━━━ DATA SHOWN

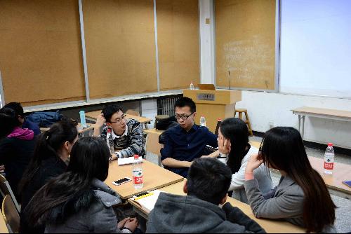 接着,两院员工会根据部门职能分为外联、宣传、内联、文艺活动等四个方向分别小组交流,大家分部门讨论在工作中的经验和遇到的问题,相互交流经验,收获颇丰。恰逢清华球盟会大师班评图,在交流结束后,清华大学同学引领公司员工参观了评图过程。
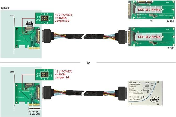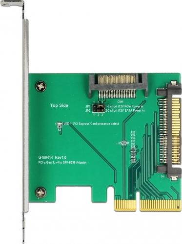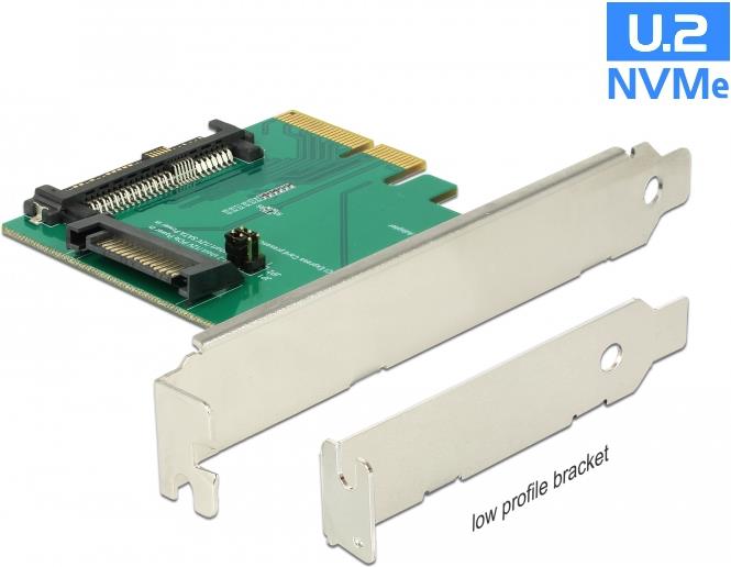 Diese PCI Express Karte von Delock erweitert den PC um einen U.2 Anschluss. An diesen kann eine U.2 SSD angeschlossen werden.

━━━━━━
━━━ DATA SHOWN

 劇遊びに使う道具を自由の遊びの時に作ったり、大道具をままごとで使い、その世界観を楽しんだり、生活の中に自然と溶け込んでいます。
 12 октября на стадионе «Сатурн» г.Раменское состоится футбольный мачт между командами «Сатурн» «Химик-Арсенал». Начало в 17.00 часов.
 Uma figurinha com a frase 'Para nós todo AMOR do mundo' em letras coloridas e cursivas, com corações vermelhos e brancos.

━━━━━━

THE PROBLEM ->
The result should be an exact copy of only the lines above from the one that holds "接着,两院员工会根据部门职能" through the one that holds "Diese PCI Express", both ends included, without pictures.

ANSWER TO THIS TASK ->
 接着,两院员工会根据部门职能分为外联、宣传、内联、文艺活动等四个方向分别小组交流,大家分部门讨论在工作中的经验和遇到的问题,相互交流经验,收获颇丰。恰逢清华球盟会大师班评图,在交流结束后,清华大学同学引领公司员工参观了评图过程。
 Diese PCI Express Karte von Delock erweitert den PC um einen U.2 Anschluss. An diesen kann eine U.2 SSD angeschlossen werden.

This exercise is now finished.